Shocking and tragic   It's time driving lessons and tests featured horses and how to drive past them as a matter of very high importance.

I find hacking on the roads so stressful I no longer do it.

Condolences to all involved - very sad.


----------



## Folara (16 January 2011)

This is just the sort of thing I need to print and put on yard noticeboard.  

We have a bridleway that was put in so that we could avoid the road that is a steep hill, under trees so dark and very twisty. It infuriates me when the other liveries ride down the road to avoid the mud on the bridleway. Ironically they then often go into the woods where it is just as muddy. Grrrrrrrrrrrrrrrr. 

Why invite danger, when the risk is already high enough!


----------



## HollyB66 (16 January 2011)

So so sad 

My thoughts are with everyone involved.

The low winter sun does blind drivers and they need to drive with this in mind.

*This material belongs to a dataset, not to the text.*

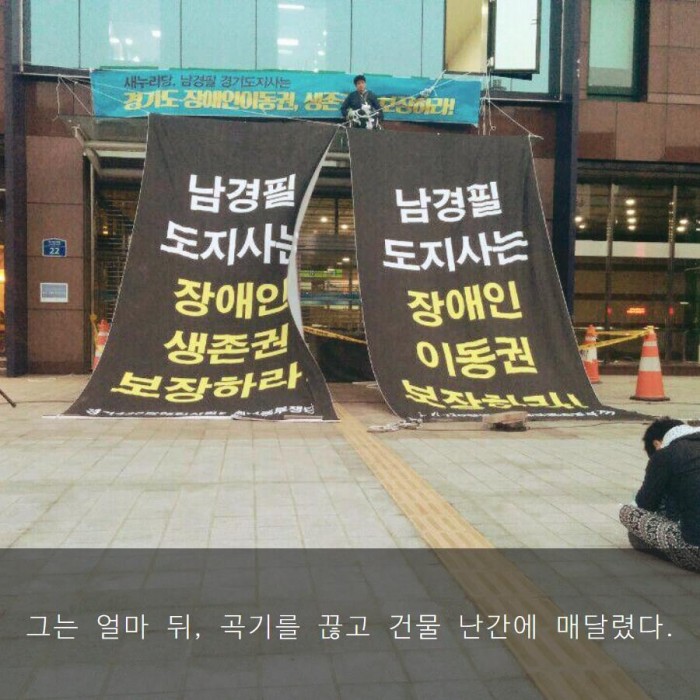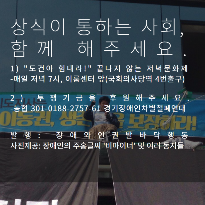 여의도 이룸센터 난간에 매달려 단식 농성 8일차를 보내고 있는 이도건동지와 그와 함께 마음이 타들어가는 동지들에게 보냅니다.
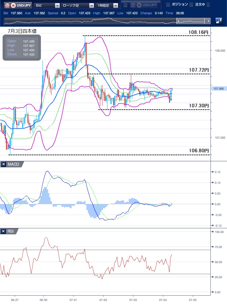 先週末(7月3日)のドル円相場は、米国市場が独立記念日の振替休日で為替を除いて休場のなか、新規の手掛かり材料にも乏しく、107.40〜107.56円と僅か16銭の狭いレンジで推移しました。 東京市場や欧州市場では、米国が休場では流動性に期待できないとして、売買を控える参加者が多く、107.43〜107.56円と13銭の狭いレンジで推移しました。 NY市場も動意に乏しい展開となり、107.40〜107.53円のレンジでもみ合いとなりました。 テクニカル(ドル円1時間足チャート)でみると、ボリンジャーバンドがスクイーズとなっており、中心線も横這いとなっていることから、もみ合いを示唆しています。 本日は、107.30〜107.72円でもみ合いになると考えます。 ただし、上記レンジをブレイクした場合は、抜けた方向に大きく動く可能性があるため、注目です。 ※チャートは、ドル/円の一時間足ボリンジャーバンドRSIMACDを表示しています。

Good advice from 1stclassalan.


----------



## Abandluc (16 January 2011)

1stclassalan said:



			Yes, absolutely aweful. Remember this is a distinct possibility every time you go out.

I last rode out on a public road about fifteen years ago and it was getting bad then - but now!! Drivers are so impatient - and it's not always white vanman either - I found that I was more likely to be killed by ladies who did coffee mornings flying about the lanes with a dozen things on their minds.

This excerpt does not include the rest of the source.